Problem statement ▸ In the answer, give the entries below exactly, from the first line through the line with "两车在储物空间上可以说实力相", with every picture omitted.

(Records contained in a dataset)
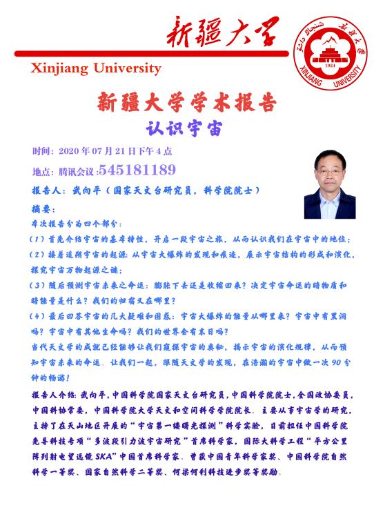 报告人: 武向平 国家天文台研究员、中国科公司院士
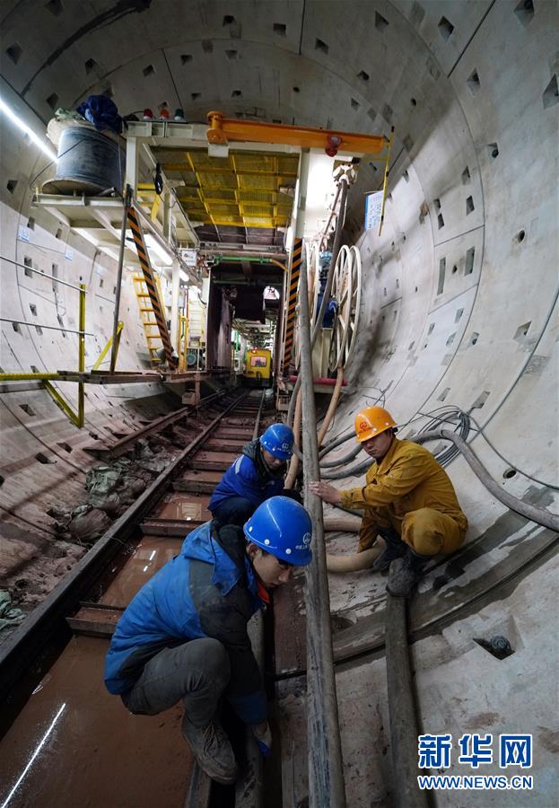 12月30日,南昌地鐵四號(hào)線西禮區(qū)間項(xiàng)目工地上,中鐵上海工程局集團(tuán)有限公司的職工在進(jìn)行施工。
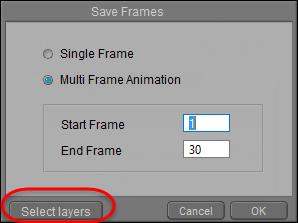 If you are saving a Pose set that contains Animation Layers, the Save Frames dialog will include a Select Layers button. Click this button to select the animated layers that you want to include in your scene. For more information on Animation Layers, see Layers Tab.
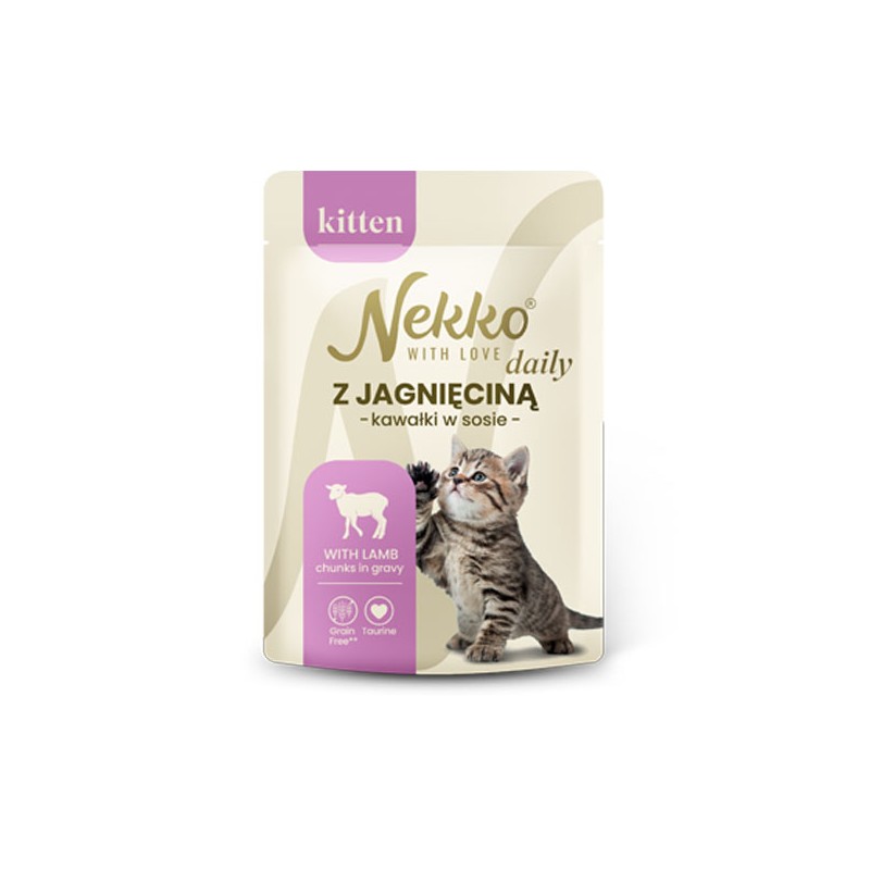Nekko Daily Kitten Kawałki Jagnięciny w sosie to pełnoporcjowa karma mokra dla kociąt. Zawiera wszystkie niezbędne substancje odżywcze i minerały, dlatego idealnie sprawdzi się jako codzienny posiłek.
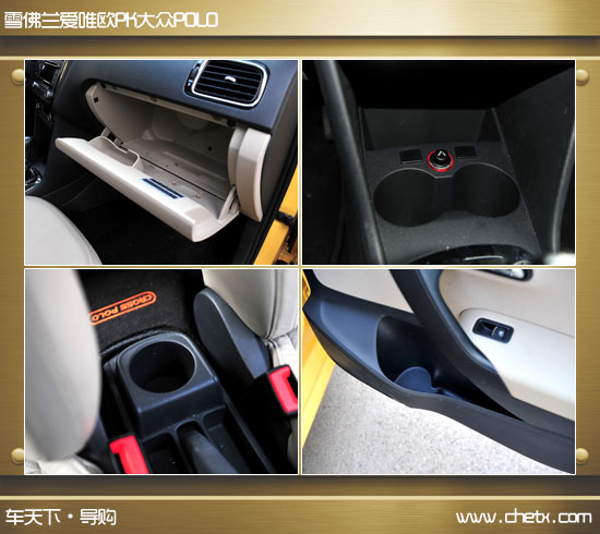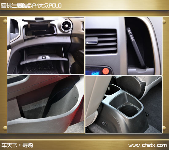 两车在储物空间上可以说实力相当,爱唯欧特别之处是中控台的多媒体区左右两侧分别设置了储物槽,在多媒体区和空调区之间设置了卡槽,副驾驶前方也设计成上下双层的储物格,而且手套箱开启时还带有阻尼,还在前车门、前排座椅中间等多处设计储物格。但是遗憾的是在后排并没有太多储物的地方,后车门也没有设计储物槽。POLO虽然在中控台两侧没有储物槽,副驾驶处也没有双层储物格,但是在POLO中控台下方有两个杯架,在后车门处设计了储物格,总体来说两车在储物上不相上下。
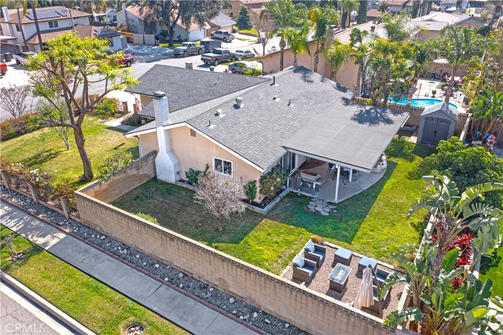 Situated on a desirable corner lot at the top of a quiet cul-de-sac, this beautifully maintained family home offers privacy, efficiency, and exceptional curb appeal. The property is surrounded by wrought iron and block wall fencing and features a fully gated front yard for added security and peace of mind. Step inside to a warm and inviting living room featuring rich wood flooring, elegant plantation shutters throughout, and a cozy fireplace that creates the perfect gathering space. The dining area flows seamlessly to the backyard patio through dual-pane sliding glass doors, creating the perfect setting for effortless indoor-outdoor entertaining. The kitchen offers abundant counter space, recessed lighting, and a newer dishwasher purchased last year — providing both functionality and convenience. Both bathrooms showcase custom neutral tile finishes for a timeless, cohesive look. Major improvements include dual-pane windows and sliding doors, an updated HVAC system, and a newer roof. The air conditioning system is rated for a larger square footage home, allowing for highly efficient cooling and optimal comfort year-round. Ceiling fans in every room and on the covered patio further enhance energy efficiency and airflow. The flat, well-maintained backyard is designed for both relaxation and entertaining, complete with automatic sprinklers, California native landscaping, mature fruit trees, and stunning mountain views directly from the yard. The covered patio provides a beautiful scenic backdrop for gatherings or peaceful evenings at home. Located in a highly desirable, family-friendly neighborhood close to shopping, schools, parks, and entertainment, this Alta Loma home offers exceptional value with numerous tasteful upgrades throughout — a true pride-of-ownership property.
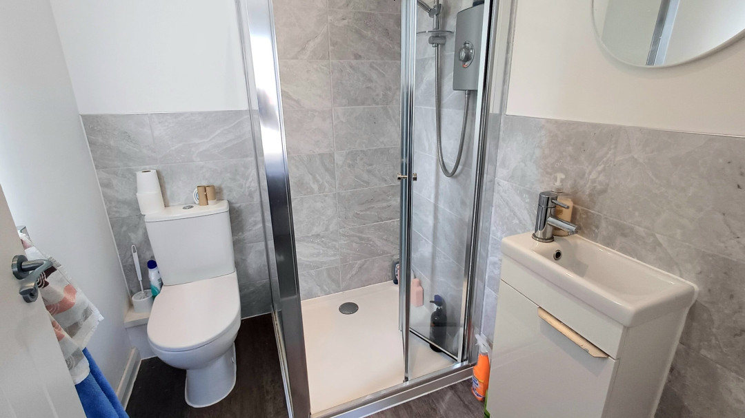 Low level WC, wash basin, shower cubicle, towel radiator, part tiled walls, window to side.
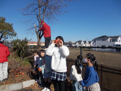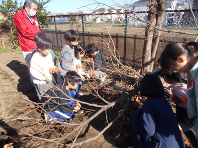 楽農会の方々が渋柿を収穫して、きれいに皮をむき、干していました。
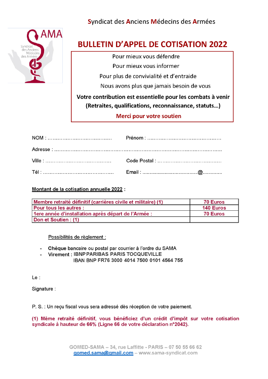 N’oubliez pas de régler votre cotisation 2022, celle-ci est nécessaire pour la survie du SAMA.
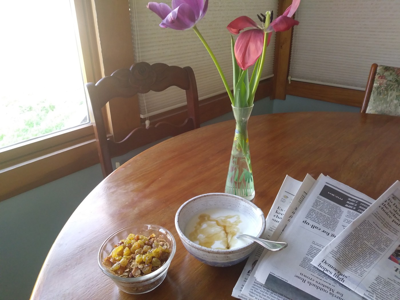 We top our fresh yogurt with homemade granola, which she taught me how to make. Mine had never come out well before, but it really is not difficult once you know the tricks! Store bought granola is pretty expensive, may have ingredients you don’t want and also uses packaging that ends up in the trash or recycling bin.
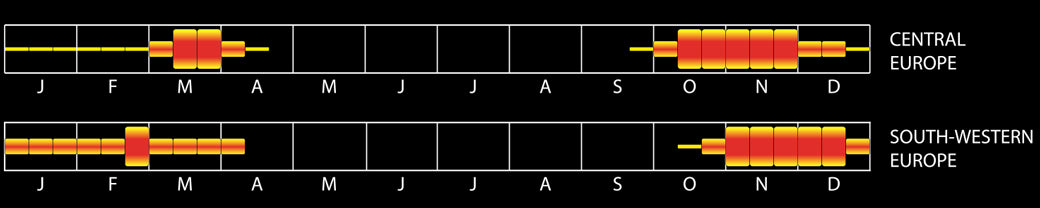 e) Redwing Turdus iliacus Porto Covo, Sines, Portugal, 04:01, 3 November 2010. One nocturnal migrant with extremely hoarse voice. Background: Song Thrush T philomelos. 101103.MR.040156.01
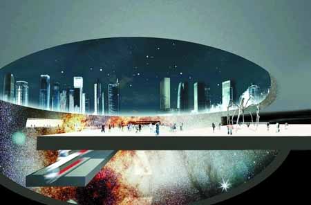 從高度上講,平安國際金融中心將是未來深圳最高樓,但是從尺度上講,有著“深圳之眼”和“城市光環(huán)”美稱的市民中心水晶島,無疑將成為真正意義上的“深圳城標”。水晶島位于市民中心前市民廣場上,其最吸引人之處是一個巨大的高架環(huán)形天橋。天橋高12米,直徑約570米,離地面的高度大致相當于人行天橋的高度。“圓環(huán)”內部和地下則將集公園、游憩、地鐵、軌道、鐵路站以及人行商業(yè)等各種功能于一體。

Written response ▸
 报告人: 武向平 国家天文台研究员、中国科公司院士
 12月30日,南昌地鐵四號(hào)線西禮區(qū)間項(xiàng)目工地上,中鐵上海工程局集團(tuán)有限公司的職工在進(jìn)行施工。
 If you are saving a Pose set that contains Animation Layers, the Save Frames dialog will include a Select Layers button. Click this button to select the animated layers that you want to include in your scene. For more information on Animation Layers, see Layers Tab.
Nekko Daily Kitten Kawałki Jagnięciny w sosie to pełnoporcjowa karma mokra dla kociąt. Zawiera wszystkie niezbędne substancje odżywcze i minerały, dlatego idealnie sprawdzi się jako codzienny posiłek.
 两车在储物空间上可以说实力相当,爱唯欧特别之处是中控台的多媒体区左右两侧分别设置了储物槽,在多媒体区和空调区之间设置了卡槽,副驾驶前方也设计成上下双层的储物格,而且手套箱开启时还带有阻尼,还在前车门、前排座椅中间等多处设计储物格。但是遗憾的是在后排并没有太多储物的地方,后车门也没有设计储物槽。POLO虽然在中控台两侧没有储物槽,副驾驶处也没有双层储物格,但是在POLO中控台下方有两个杯架,在后车门处设计了储物格,总体来说两车在储物上不相上下。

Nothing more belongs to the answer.